A group of seven Republican House members from high-unemployment states in the Northeast and Nevada released a letter after the Senate vote asking Boehner to allow the measure to be voted on in the House, where it would likely pass due to Democratic support.

In any event, the White House and congressional Democrats are far more interested in using issues such as unemployment pay, the minimum wage and equal pay for women as political footballs in the run-up to the November elections than they are in actually getting such measures passed. On Tuesday, Obama followed up the Senate vote with a White House appearance in which he touted his “fairness agenda” and announced two very marginal executive actions that he said would help women achieve equal pay for equal work.

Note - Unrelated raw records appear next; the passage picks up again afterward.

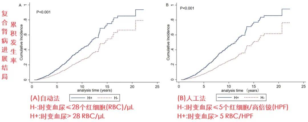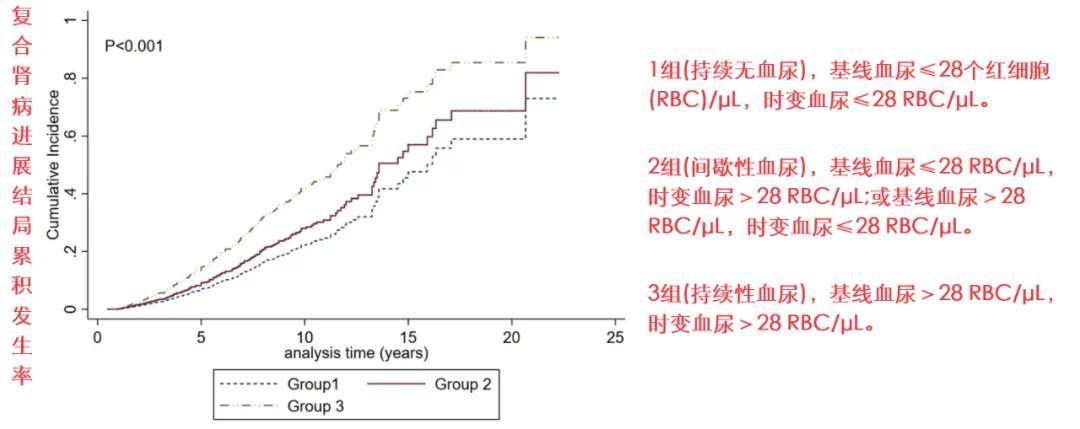 在随访期间,尿红细胞数量越多、持续时间越长的患者,肾病进展风险越大。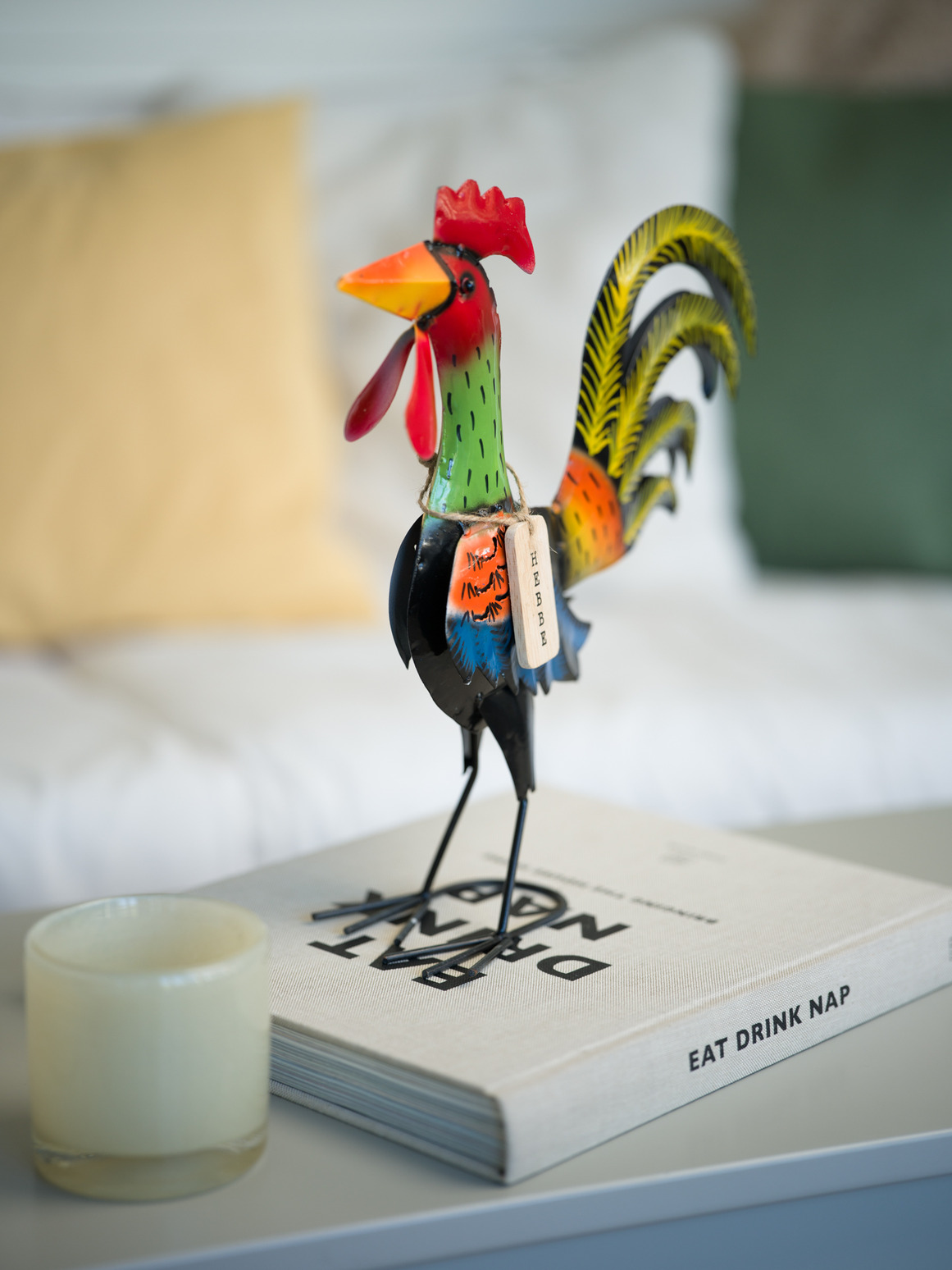 Varje tupp är tillverkad och målad för hand, vilket gör att varje exemplar är unikt i sitt utförande. Små variationer i färg och detaljer kan därför förekomma och är en del av charmen.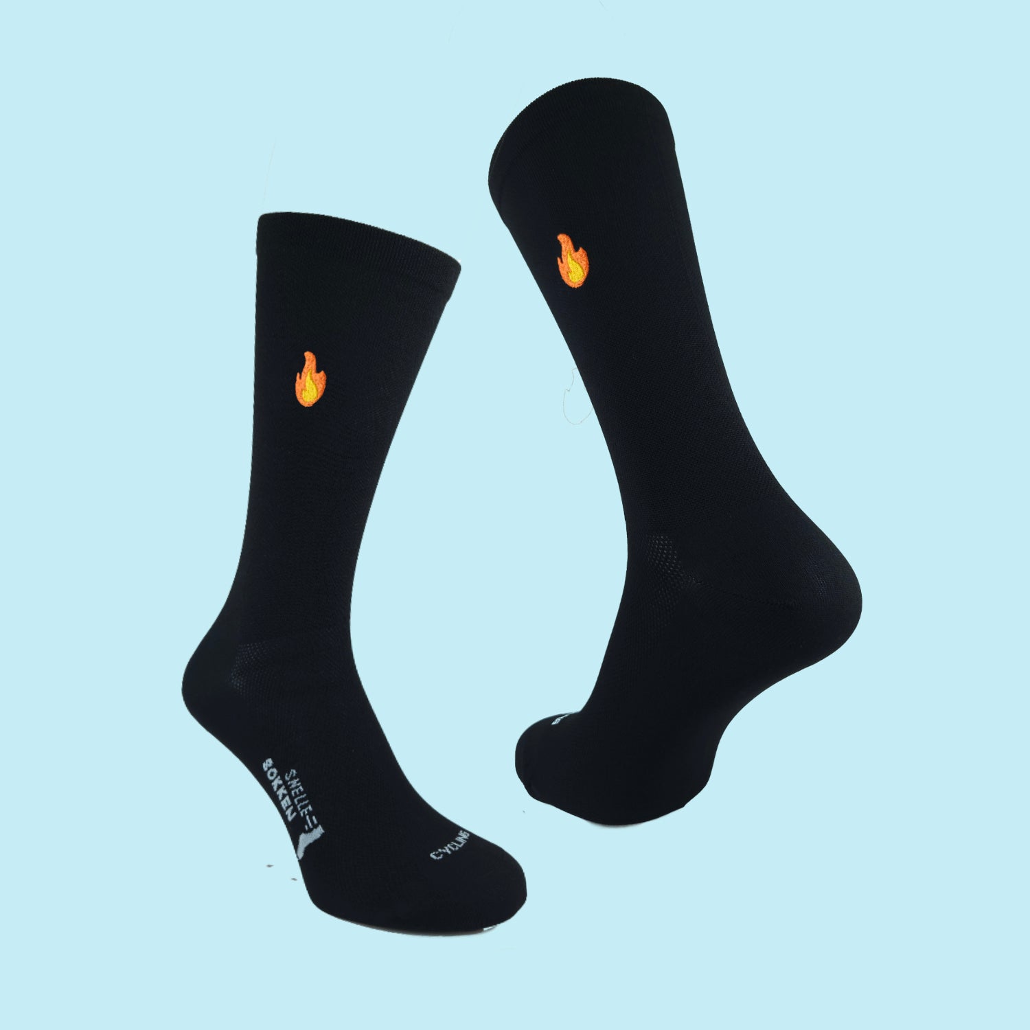 Ontsteek je volgende rit met deze zwarte hoge fietssokken met vlammenborduursel – exclusief van Snelle Sokken.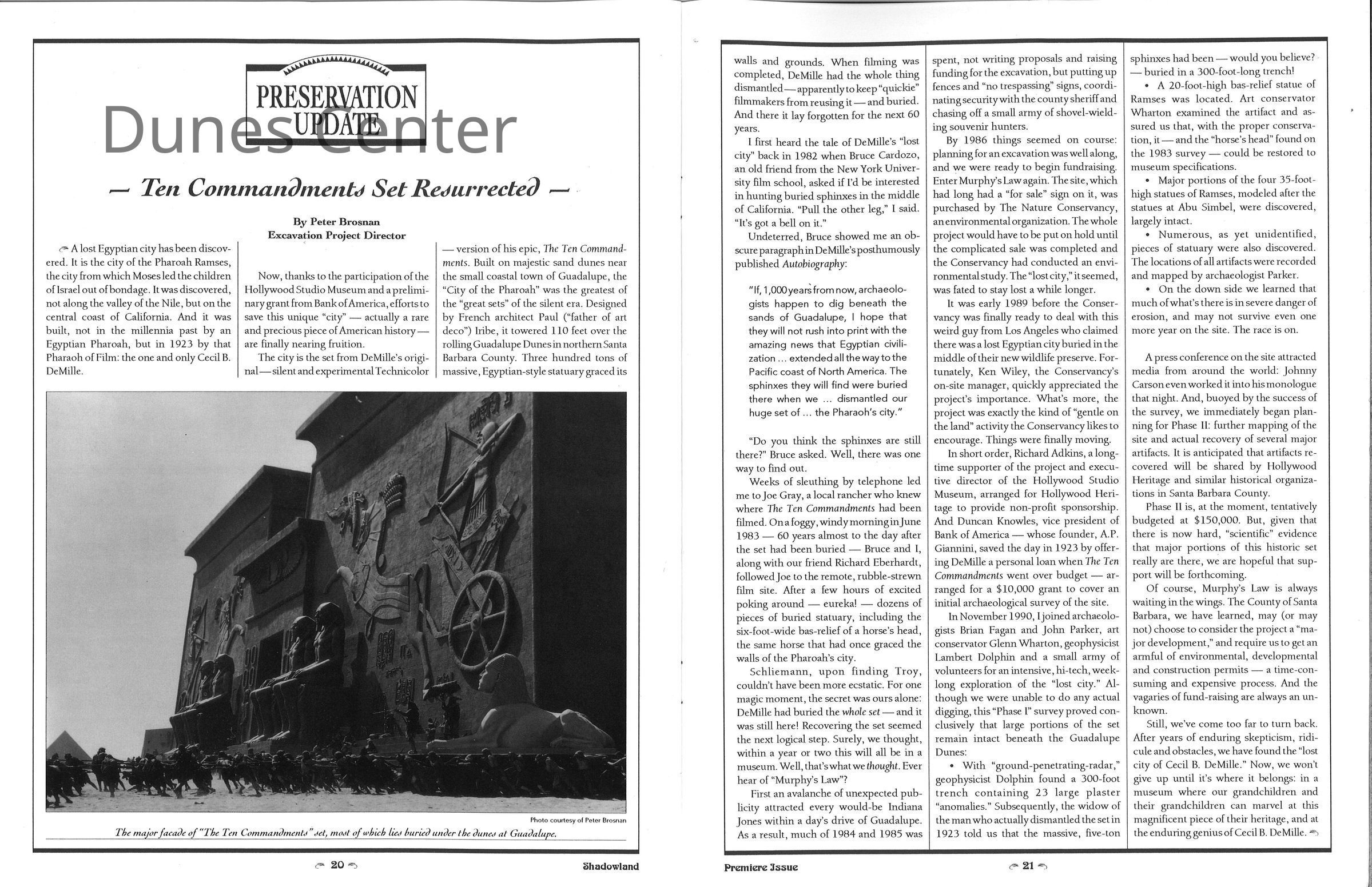Shadowland: The Journal of the Hollywood Studio Museum (DeMille and the Making of 'The Squaw Man' Buried Set Rescued from the Sands of Time California Filmmaking Site Map and History) artilce. Ten Commandments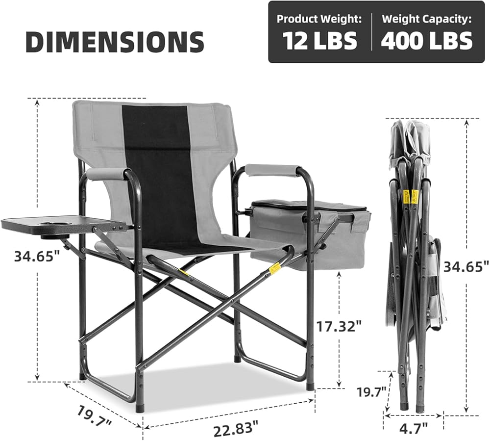 【Industrial-Grade Durability】400 lbs capacity director-style folding chair features storage pockets, a reinforced powder-coated steel frame, and durable 600D oxford fabric. Triple-stitched stress points and anti-rust joints ensure years of rugged outdoor use, from beach trips to tailgate parties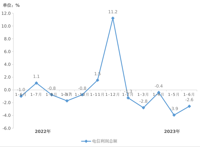 移动数据流量业务收入负增长。1-6月,全省移动数据流量业务收入107.2亿元,同比下降2.3%,在电信业务收入中占比为39.1%,拉低电信业务收入增长0.9个百分点。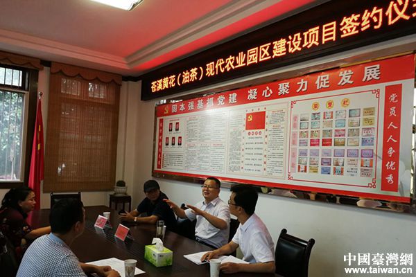 蒼溪黃花(油茶)現代農業園區建設項目簽約儀式現場。(圖片來源:廣元市臺辦)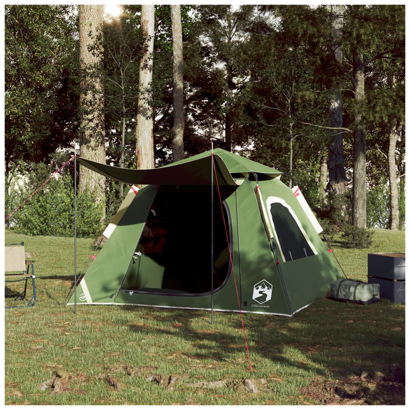 This camping tent with a modern look protects you from the unpleasant weather and provides a comfortable place for anywhere adventures. All-round waterproof design: This camping tent, made from polyester with a PU coating, is waterproof and wind resistant. The taped seams effectively prevent rainwater infiltration, while the heavy-duty ground sheet helps maintain a dry and comfortable interior. Quick-release system: Set up the tent effortlessly with the quick-release system! Lay the tent down, extend the pre-assembled poles until they lock into place, and you’re all set!King poles included for sun canopy: This camping tent includes king poles that make it a breeze to prop up the entrance door, creating a sun canopy. Now you can relish the great outdoors while staying shaded! Detachable rainfly: The detachable rainfly can be attached to the tent’s top for weather protection and privacy. Lightweight and portable: The foldable and lightweight design allows you to easily pack the tent and store it in the included carry bag for easy transport. Warning: Keep all flame and heat sources away from this product fabric.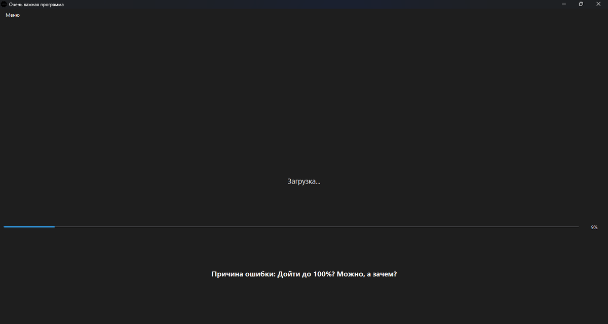 Очень важная и необходимая программа, которая за вас будет ничего не делать, пока вы можете ей помогать или поделать ничего сами. Программа создалась от нечего делать, от скуки и просто потому, что программе было скучно. Более 300 вариантов забавных "ошибок" Программа может дойти до 100%, но может и никогда не дойти до этого А может и просто реально зависнуть или вылететь! Так же можно отображать или не отображать причину "ошибки" Поэтому программа озадачила разработчика разработкой самой себя. Разработчику ничего не оставалось кроме как потратить это время и создать её! Это было жестокое обращение с извилинами, которых у программы нет. В общем, просто шуточная программа, когда вам нечего делать =) Если программа дойдёт до 100% будет фейрверк! Если хотите ничего не делать и посмотреть как программа ничего не делает, качать здесь: ссылка на архив Если вам нечего делать и вдруг захотелось задонатить разрабу, можете это сделать - программа не запрещает.

The first prohibits federal contractors from retaliating against employees for discussing their pay rates. The second requires federal contractors to provide the Labor Department with pay data broken down according to gender and race. Neither of these measures will affect the overwhelming majority of women workers.

The Democratic-controlled Senate is expected to introduce a bill to strengthen the 1963 Equal Pay Act this week, and a bill to raise the minimum wage to $10.10 an hour next month. Neither are expected to be passed by the Senate, let alone the House.